2) Scaling too much too fast leads to results deviating from expectation. I recommend scaling no more than 4x at a time.
3) Larger motors have problems that in a practical sense don't really exist in smaller ones. The required level of engineering is not a constant!
4) Motors under acceleration have additional issues compared to static tests.
5) Because of the scaling problems, and flight related problems, you should expect to have to perform at least one if not many more tests at each level before moving to the next level. That is, at least one static test and one flight test. And if your results are not within a pretty narrow tolerance of what you expect, test again until you can hit your tolerance range before scaling up again.
So you are going to go through many times the propellant mass you are anticipating. Getting through the process will take years. It will take you years to get the experience to be able to reliably pull it off.
My last several EX motors - the flight ones in the N and O range - burned to within 0.1 second of planned duration, and the rockets they were flown in came in at under 3% altitude error, usually closer to 1%. These are APCP motors, first burns. Testing was with smaller motors but within acceptible (to me based on my experience) scaling factors. And I do make corrections during the scaling...
In my EX hybrid I failed to compute one detail - just one - and had a cold flow start and delayed ignition. I didn't realize until I computed it, that I needed roughly 1MW of power for the ignition profile I was aiming for. I assumed instead of computed, and was off a couple digits on my WAG. It worked, but not fast enough. At least it was a static test, and no harm done.
The larger the motor, the more complex. The more complex, the more you have to compute EVERYTHING, or else perform lots of static and flight tests to determine what works in practice. Either approach is ok. Combined they are better.
I think I have enough experience to tackle making a first attempt at a motor perhaps a quarter the size of the one you are contemplating. I'd expect to take a couple years to get it done to be flight worthy to where I know exactly how it is going to perform. And it would be expensive... and I'd want a team of helpers at that scale... and a dedicated fabrication facility... and a test facility.

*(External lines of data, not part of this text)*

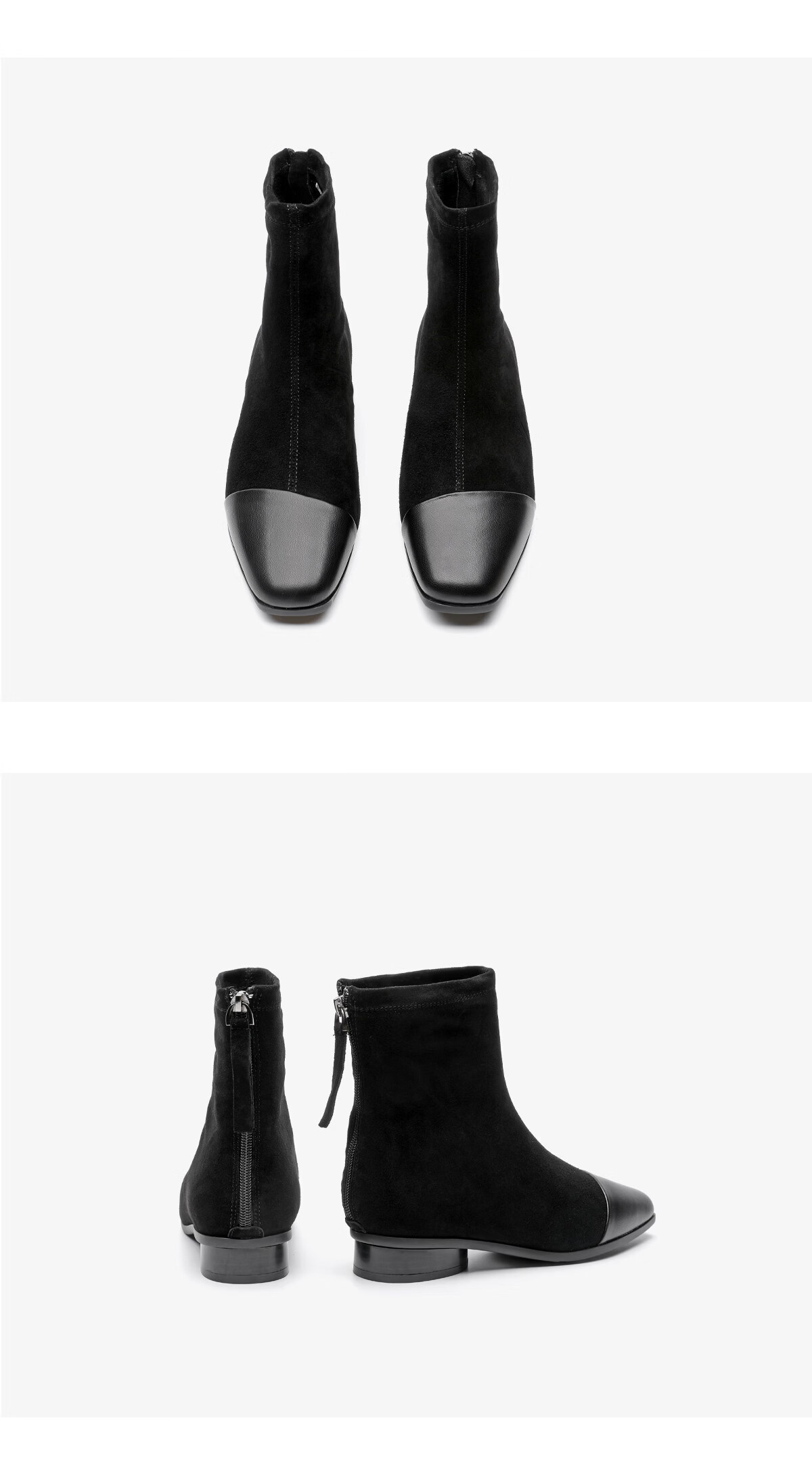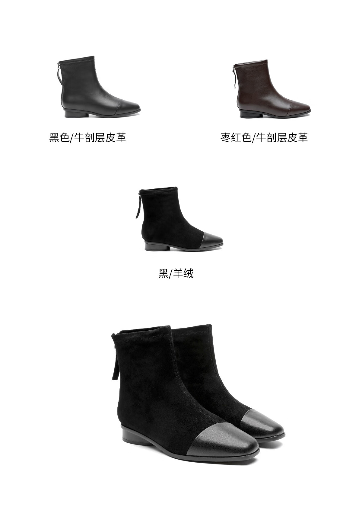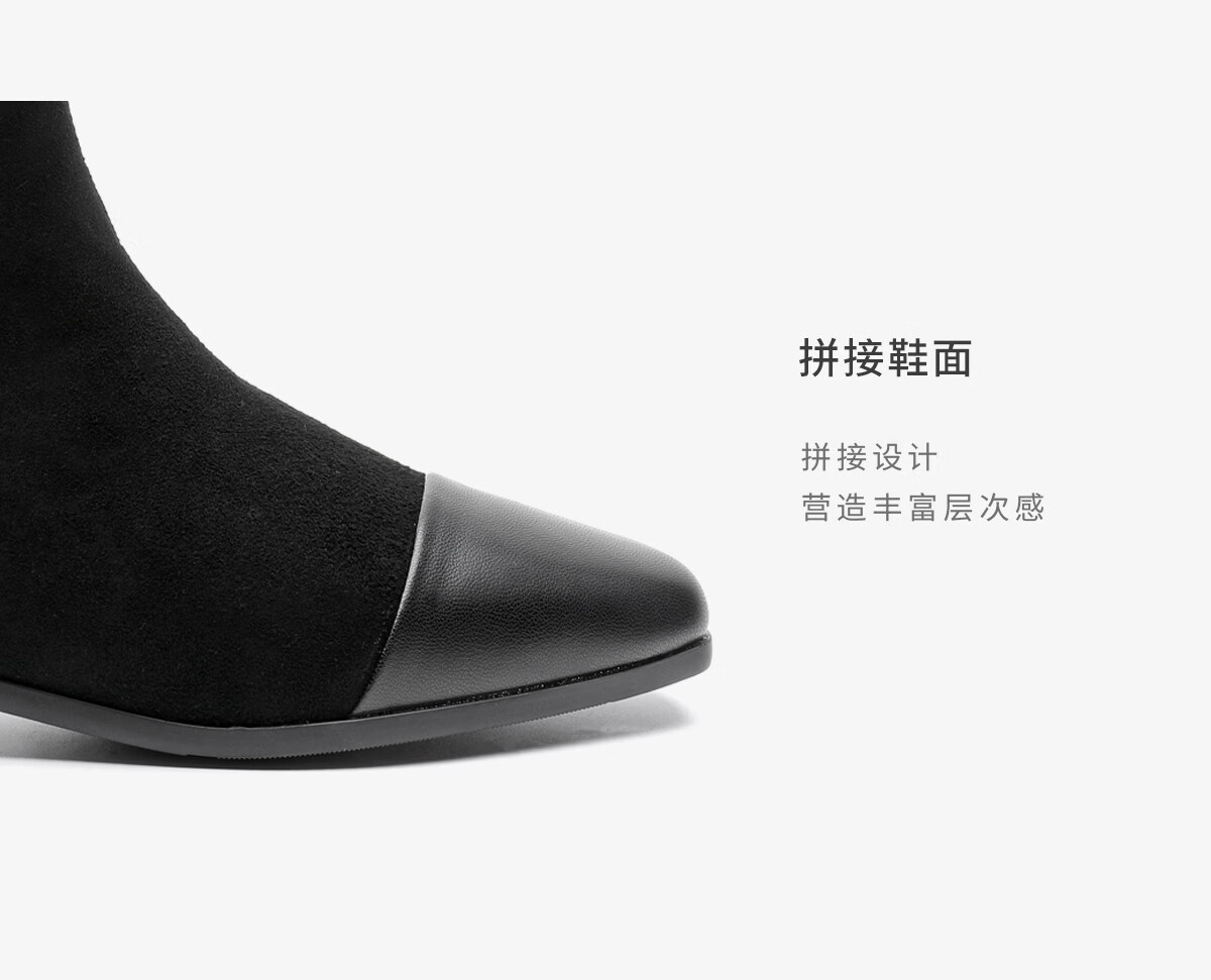 月芽儿时装靴女2025冬季新款弹力百搭瘦瘦靴后拉链通勤短筒靴 绒里黑色01T 34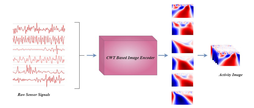 首先,作者采用了连续小波变换(CWT)来将原始的传感器时间序列数据编码成图像。CWT是一种有效的数学工具,用于信号处理,它可以将时域信号转换为时频域的表示形式。通过选择适当的母小波函数,CWT能够生成反映信号局部特性的系数。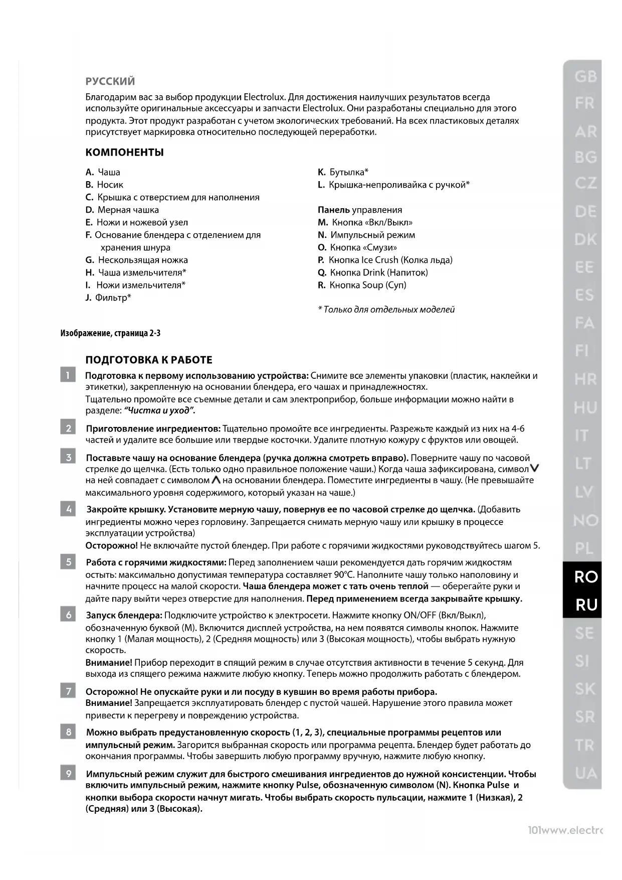 Внимание! Прибор переходит в спящий режим в случае отсутствия активности в течение 5 секунд. Для выхода из спящего режима нажмите любую кнопку. Теперь можно продолжить работать с блендером. 7 Осторожно! Не опускайте руки и ли посуду в кувшин во время работы прибора. Внимание! Запрещается эксплуатировать блендер с пустой чашей. Нарушение этого правила может привести к перегреву и повреждению устройства. 8 Можно выбрать предустановленную скорость (1, 2, 3), специальные программы рецептов или импульсный режим. Загорится выбранная скорость или программа рецепта. Блендер будет работать до окончания программы. Чтобы завершить любую программу вручную, нажмите любую кнопку. 9 Импульсный режим служит для быстрого смешивания ингредиентов до нужной консистенции. Чтобы включить импульсный режим, нажмите кнопку Pulse, обозначенную символом (N). Кнопка Pulse и кнопки выбора скорости начнут мигать. Чтобы выбрать скорость пульсации, нажмите 1 (Низкая), 2 (Средняя) или 3 (Высокая).102 www.electrolux.com 10 Устройство поддерживает множество рецептурных программ. : « » (P), «»* (Q), «» (O) «» (R) (* ).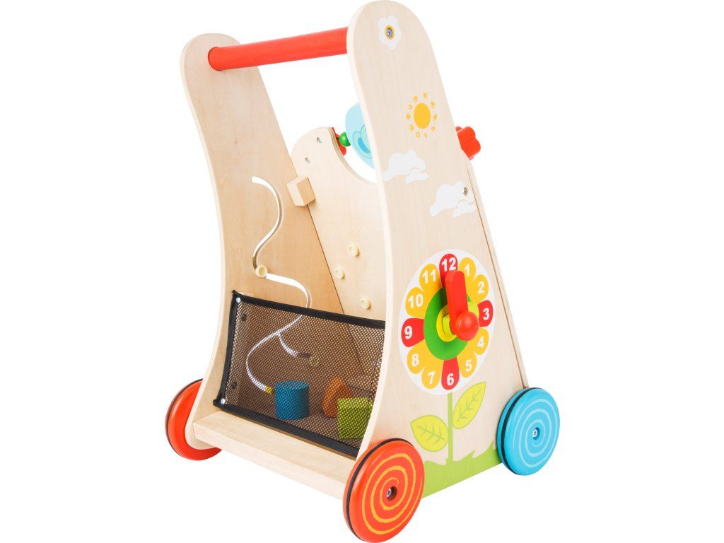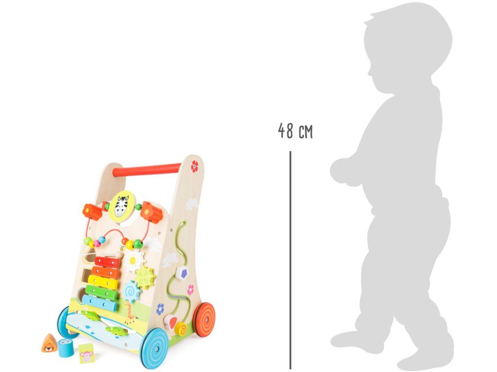 Aktivní ze všech stran! Toto stabilní dětské chodítko poskytuje vše, co malí průzkumníci potřebují k objevování svého světa všemi smysly. Na chodítku naleznete mnoho interaktivních prvků jako je xylofon s 5 klávesami, hodiny, labyrint, hlavolam, vkládačku s tvarovanými kostkami. Dno chodítka lze použít jako úložný prostor nebo pro převoz plyšáků. Kola jsou opatřeny gumovým proužkem pro tichý chod na hladkých podlahách. Báječný pomocník při prvních krůčcích. Hlavní vlastnosti: multifunkčnostrobustní rukojeťpestrobarevná kolečkaDoplňkové parametry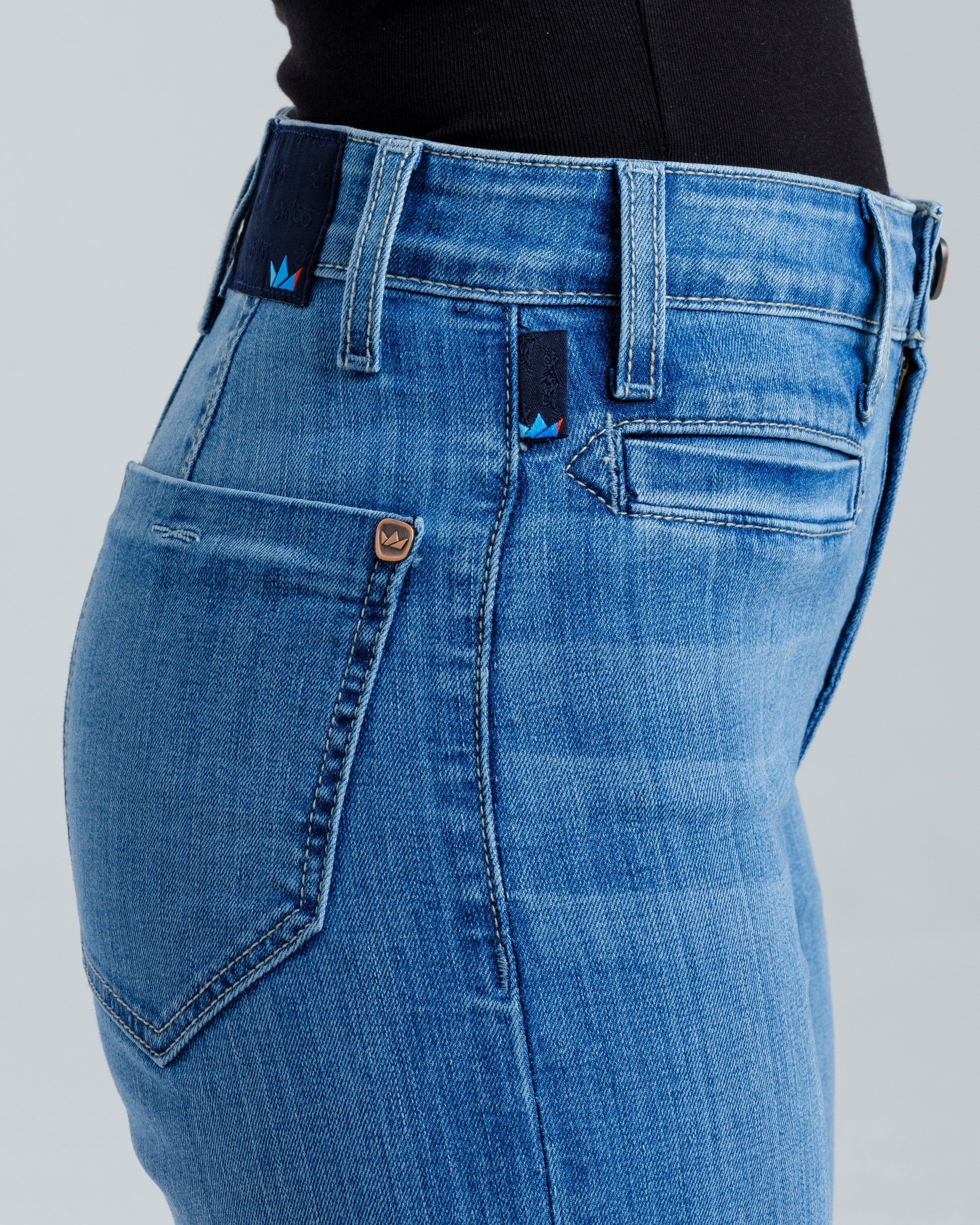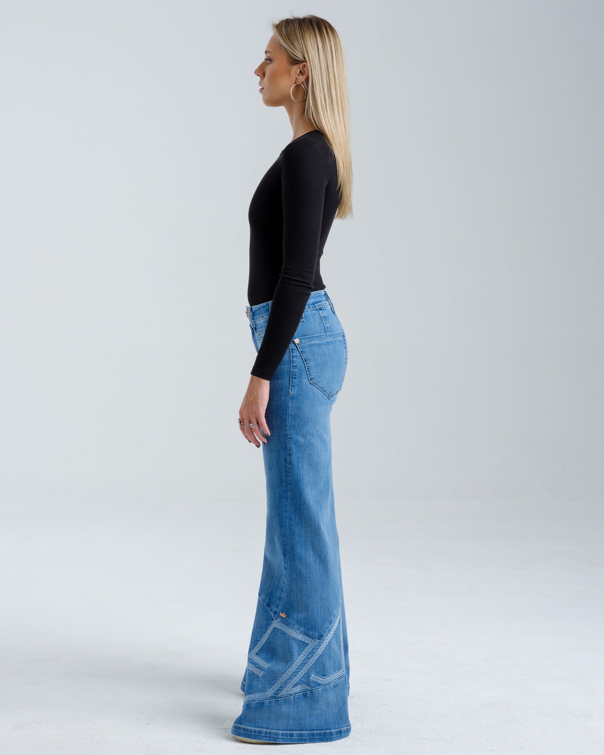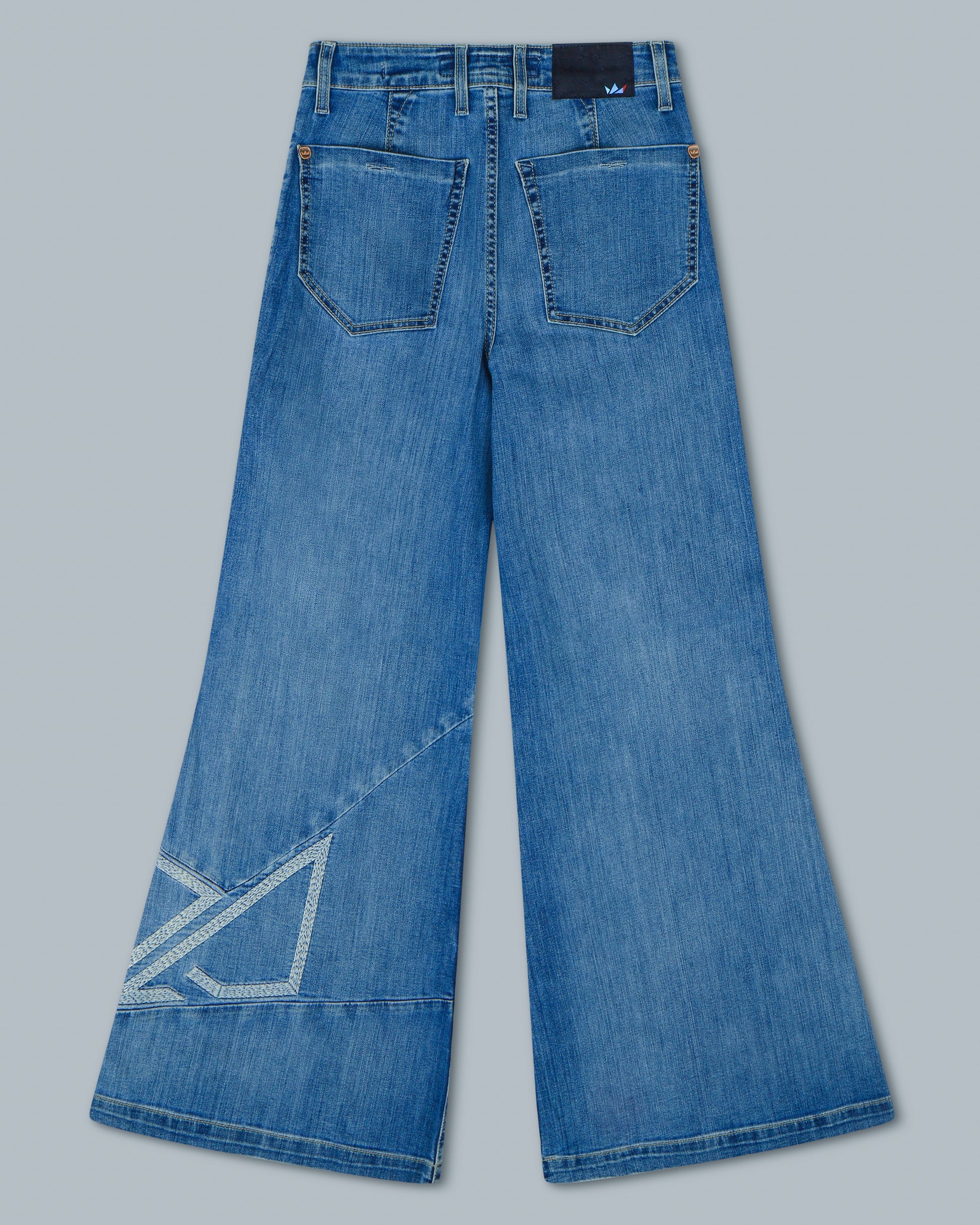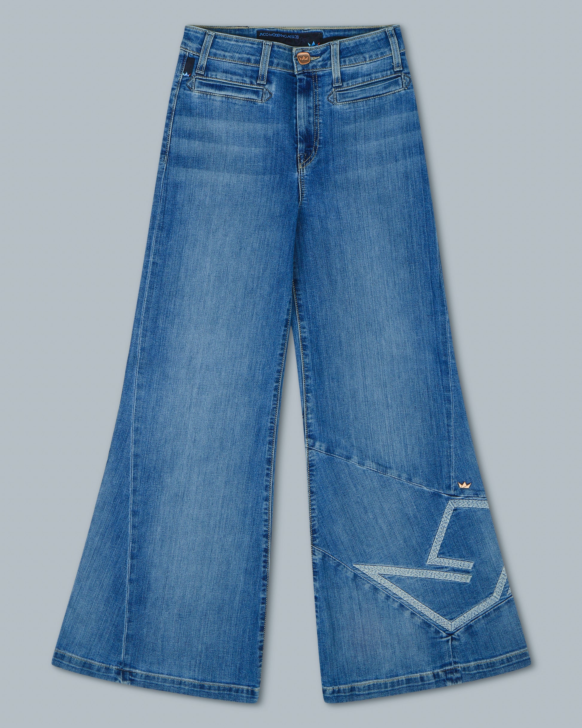 A bold high-rise, wide-flare jean blending vintage charm with modern sophistication. Crafted from soft stretch denim with S-Gene® technology and REPREVE® recycled yarns for a luxurious, comfortable fit. Features a high waist, front double welt pockets, and fashion darts at the back for a flattering shape. Geometric paneling and a unique cutout on the left leg showcase the new crown embroidery. Finished with contrast stitching, premium hardware, and an antique wash.

There are others here who are commenting on this thread who have more experience than I have. In some cases, a lot more!
IMHO, I'd expect you to take at least 5 years to get to where I am now, assuming you have at least a degree in a relevant field such as physics, chemistry, or some hard engineering discipline, and dedicate yourself to learning everything. It might take a little longer otherwise.
I might be off somewhere, but from ground zero - where you essentially are now - I'd expect this to be a 10 year project if you do it right and don't get distracted. If you half-ass it, it will just be an expensive CATO or worse.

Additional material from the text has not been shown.